We oppose the measure, and we’re glad that Gov. John Hickenlooper has threatened to veto the bill if it lands on his desk.
At issue is a recent addition to the state’s collection of economic development tools, the Regional Tourism Act. It was conceived as a tool to bring new visitors to Colorado via projects that otherwise wouldn’t have been built.
The RTA allows for a portion of state sales tax generated by a new project to pay for the infrastructure necessary for the project to move forward. The mechanism is called tax increment financing.
Since the RTA’s approval in 2009, Colorado officials have been prudent and conservative in structuring the process and the evaluation criteria.
We’re glad to see it, because all too frequently these sorts of programs are seen as cash cows for ideas that come with overly optimistic projections that never pan out.
If there is to be any erring, it’s in the public interest to be more strict in evaluating projects than less so.
As it stands, the RTA provides for up to two projects in the first year. Local government sponsors collectively may receive up to $50 million in state tax incentives in a year.
Up to two more projects may be approved per year in the second and third years of the program, for a total of six.

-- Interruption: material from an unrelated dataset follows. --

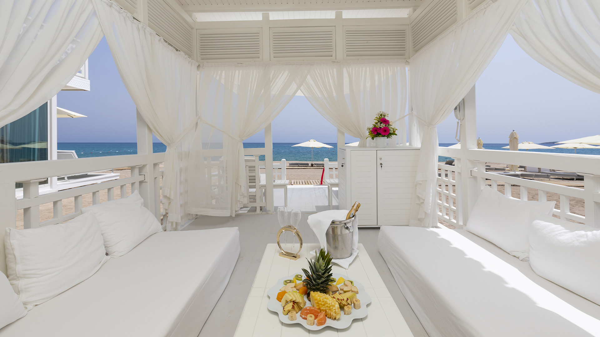 Denize sıfır konumdaki tesisin yaklaşık 300 m uzunluğunda özel kum plajı bulunuyor. Plaj ve havuzda, güneş şemsiyesi ve şezlong ücretsiz. Pavilyonlar ise ücretli.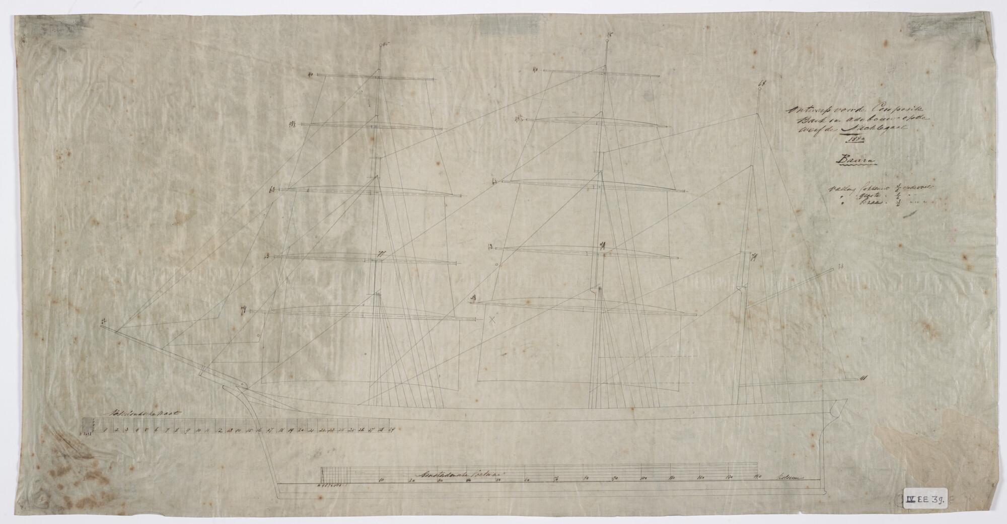 Tuigplan met lengte rondhouten van klipperschip 'Baarn'

Senate Bill 124 neither changes the overall dollar cap nor modifies the total projects—six—that can be approved. What it does is allows all six to be approved in a single year.
It seems to us it’s designed to grease the skids for approval of all six projects that have been pitched so far.
Trouble is, there are fairly strong indications that all six may not merit the tax incentives.
The evaluation process, which some applicants have deemed harsh, called out every proposed project for overly optimistic estimations of the new visitors who would come to Colorado. Those estimates are directly tied to the amount of money each project would be eligible for.
For instance, Douglas County had asked for $86.5 million in tax incentives over 30 years, for a sports and “prehistoric” park. But an analysis done by a consultant hired by the Colorado Economic Development Commission determined the project would be eligible for just $5.5 million.
That’s a pretty big difference. And Dougco is not alone.
Ultimately, the decision to green-light projects or deny them lies with members of the state’s Economic Development Commission. Broadening the number of projects they could approve would only increase pressure on them to please everyone.
We think the original process, which allows for gradual implementation, is wiser than setting the stage for furious lobbying to jam through all six projects in the first go-around.